The Florida Bar
PROFESSIONAL ETHICS OF THE FLORIDA BAR
September 28, 1965
September 28, 1965
A lawyer who, at the request of an insurance company, defended the automobile owner in litigation arising from an accident should not thereafter defend the driver in a separate suit brought by the owner and arising out of the same accident, even when requested to do so by the same insurance company.
Chairman Kittleson stated the opinion of the committee:
Mrs. Owner and Mr. Passenger were riding in Mrs. Owner's automobile which was operated by Mr. Driver, when the automobile was involved in an accident. Mr. Passenger sued Mrs. Owner to recover for his personal injuries, basing the suit upon Mr. Driver's alleged grossly negligent driving. Lawyer, at the request of Mrs. Owner's liability insurance carrier, successfully defended the suit, which resulted in a not guilty verdict in favor of Mrs. Owner. The Florida guest statute was, of course, pertinent, and the jury was instructed to find for Mrs. Owner unless Mr. Driver had been guilty of gross negligence. Mrs. Owner was the only defendant; Mr. Driver was not a defendant. Mrs. Owner has now filed suit against Mr. Driver to recover for her injuries arising from the same accident, alleging only simple negligence against the defendant. The insurance carrier believes that it is obligated to defend Mr. Driver, by virtue of Mrs. Owner's insurance policy, because under the policy a person driving the vehicle with the permission of the owner (named insured) is an additional insured. The insurance carrier has now requested Lawyer to defend Mr. Driver in the suit brought by Mrs. Owner. Mrs. Owner, in this suit, is represented by another attorney, who objects to Lawyer's participation; the objection is based upon the fact that Lawyer had previously represented Mrs. Owner in the other suit. It may be observed that Lawyer is being called upon to take the same position in the second suit that he did in the first suit, viz., that Mr. Driver was not guilty of negligent driving; the degree of negligence in issue is, however, less in the second case than it was in the first.

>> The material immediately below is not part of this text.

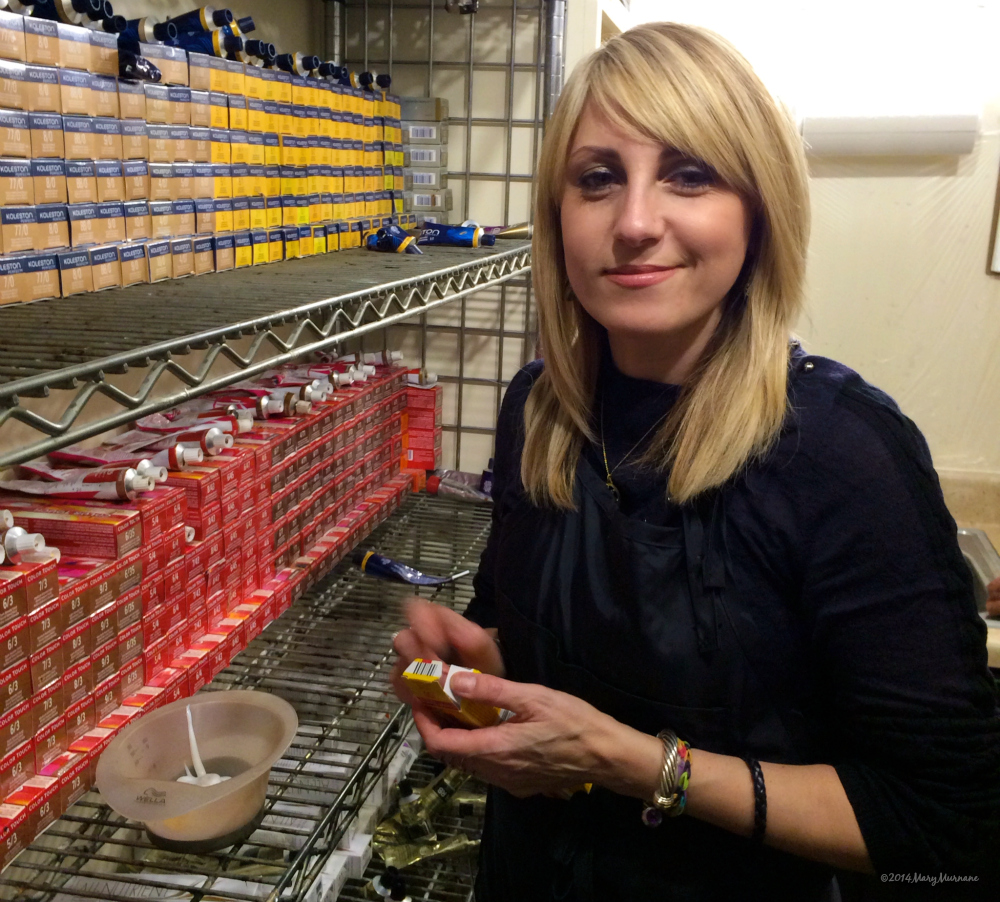 Going blonde is all well and good, but how in the world does the colorist keep straight the countless options available?! I saw the multitude of tubes on Yulia’s shelf and felt that she’d have to take detailed notes on the mixtures and quantities, similar to a chemist (or alchemist, if she’s mixing up gold!).

The Committee is unanimous in its advice that the firm should not undertake the second representation. The Committee recognizes the possibility that no wrongdoing or breach of confidence may actually result from the second representation, but the Committee believes that public confidence in the bar and in the legal profession would not be fostered by the shift of sides in litigation growing out of the same accident. No circumstances seem to exist that would compel resolving the doubt other than against the shift of sides. There is too much possibility of misunderstanding.